━━ Input data ━━
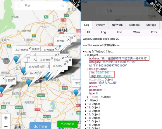这里我们可以将“搜索结果”打印出来看一下,其中包括每个地点的地址和经纬度坐标,我们通过for容器循环创建将标记点都显示在地图上。
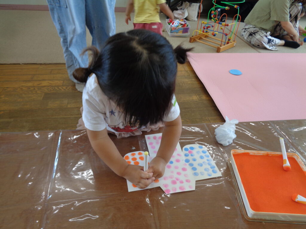 たんぽを使ってゆかたに模様をつけていきます♪
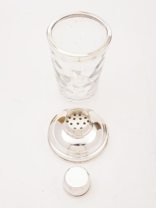 A gorgeous English dimple patterned glass & silver plated cocktail shaker with matching ice bucket with ice tongs. Circa 1930. FREE worldwide delivery. Measurements: Shaker height: 9 (approx 22.5cm) Shaker diameter (top): 4 1/2 (approx 11.25cm) Ice bucket height: 5 1/2 (approx 13.75cm) Ice bucket diameter across top: 5 (approx 12.5cm) Tong length: 6 (approx 15cm) Total weight: 1279g In good condition - any dark areas are shadows from the photography there is no damage to the silver plate and no chips or cracks to glass
━━━
> _Exercise requirements_:
Every line of the data above is to be set down exactly; the pictures are not.

> _Completed task_:
这里我们可以将“搜索结果”打印出来看一下,其中包括每个地点的地址和经纬度坐标,我们通过for容器循环创建将标记点都显示在地图上。
 たんぽを使ってゆかたに模様をつけていきます♪
 A gorgeous English dimple patterned glass & silver plated cocktail shaker with matching ice bucket with ice tongs. Circa 1930. FREE worldwide delivery. Measurements: Shaker height: 9 (approx 22.5cm) Shaker diameter (top): 4 1/2 (approx 11.25cm) Ice bucket height: 5 1/2 (approx 13.75cm) Ice bucket diameter across top: 5 (approx 12.5cm) Tong length: 6 (approx 15cm) Total weight: 1279g In good condition - any dark areas are shadows from the photography there is no damage to the silver plate and no chips or cracks to glass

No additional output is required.